(9)柳川市・川下りコース・「待ちぼうけ」の像-(旅行1日目)

■「待ちぼうけ」の像です
ほっかむりと鍬との組み合わせが可愛いですね。しかし、この詩には深い意味があります。




童謡「待ちぼうけ」歌詞


待ちぼうけ 待ちぼうけ
ある日せっせと 野良(のら)かせぎ
そこへ兎(うさぎ)が飛んで出て
ころり ころげた 木のねっこ

待ちぼうけ 待ちぼうけ
しめた これから寝(ね)て待とか
待てば獲(え)ものは 駆(か)けて来る
兎ぶつかれ 木のねっこ

待ちぼうけ 待ちぼうけ
昨日(きのう)鍬(くわ)とり 畑仕事(はたしごと)
今日は頬(ほお)づえ 日向(ひなた)ぼこ
うまい伐(き)り株(かぶ) 木のねっこ

待ちぼうけ 待ちぼうけ
今日(きょう)は今日はで 待ちぼうけ
明日(あす)は明日はで 森のそと
兎待ち待ち 木のねっこ

待ちぼうけ 待ちぼうけ
もとは涼しい黍畑(きびばたけ)
いまは荒野(あれの)の箒草(ほうきぐさ)
寒い北風 木のねっこ


【待ちぼうけと中国の伝説】
待ちぼうけは白秋が満州で聞いた伝説「韓非子」に由来します。

「韓非子」の中に、次のような一文があります。
 「聖人とは、昔にとらわれ、一定不変の基準に固執する者ではない。聖人とは、現在を問題とし、その解決をはかる者をいうのである。
 宋の国である男が畑を耕していた。そこへウサギがとびだし、畑の中の切株にぶつかり、首を折って死んだ。それからというもの、彼は畑仕事はやめにして、毎日切株を見張っていた。もう一度ウサギを手にいれようと思ったのだ。しかしウサギはそれきり。彼は国中の笑い者になったという。
 昔の聖人のやり方のまねで、現在の政治ができると思っている者は、この切株を見張った男の同類である。

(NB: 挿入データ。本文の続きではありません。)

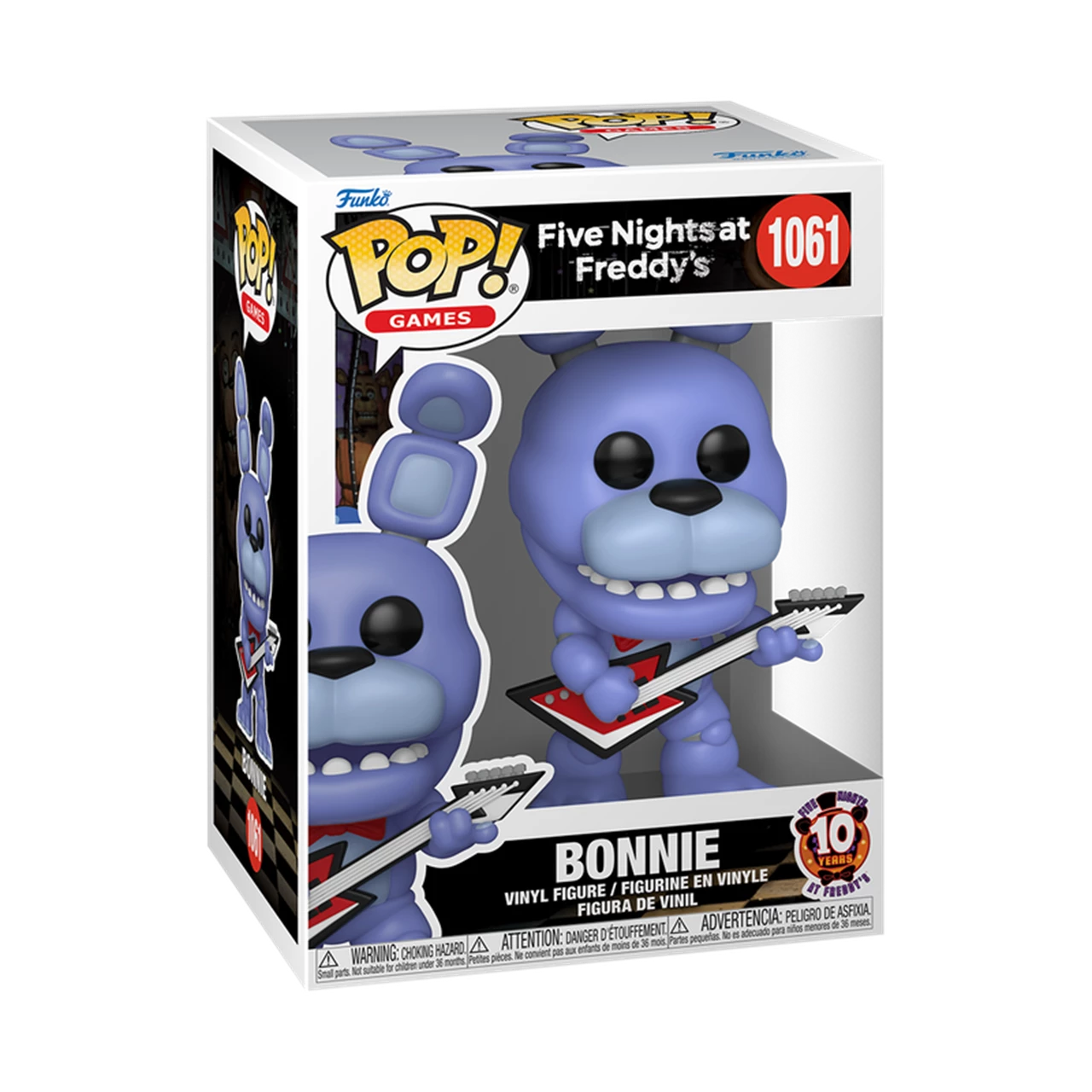 Give your collection a jumpscare with POP! Bonnie! Celebrate 10 Years of Five Nights at Freddy's and complete your collection by closing in on POP! Bonnie before this animatronic moves! Vinyl figure is approximately 5.35-inches tall.

何か、とっても耳が痛い話ですね。別に政治の話でなくとも自分達の日々の事柄でも十分参考になる事です。しかし、一般的に物事を判断するのに過去の経験を生かし判断する物ですが「一定不変の基準に固執するな」といわれれば難しい事になります。


聖人では無いので良しと、しましょう。

詩を改めて読んでみると、最初は思いがけない幸運に小躍りして、待つことにするがだんだんと状況が悪化して最後はぴゅーぴゅーと木枯らしが舞う荒野の中で茫然と立ち尽くしている。そんな様子が伝わってきます。
参考に、待ちぼうけを辞典で引いて見ました。「待っている人がついにやって来ないこと。」と成っています。待っても待っても来ない様子が確かに表現されています。「北原白秋」がいかに優秀な作詞家であったか再認識出来ます。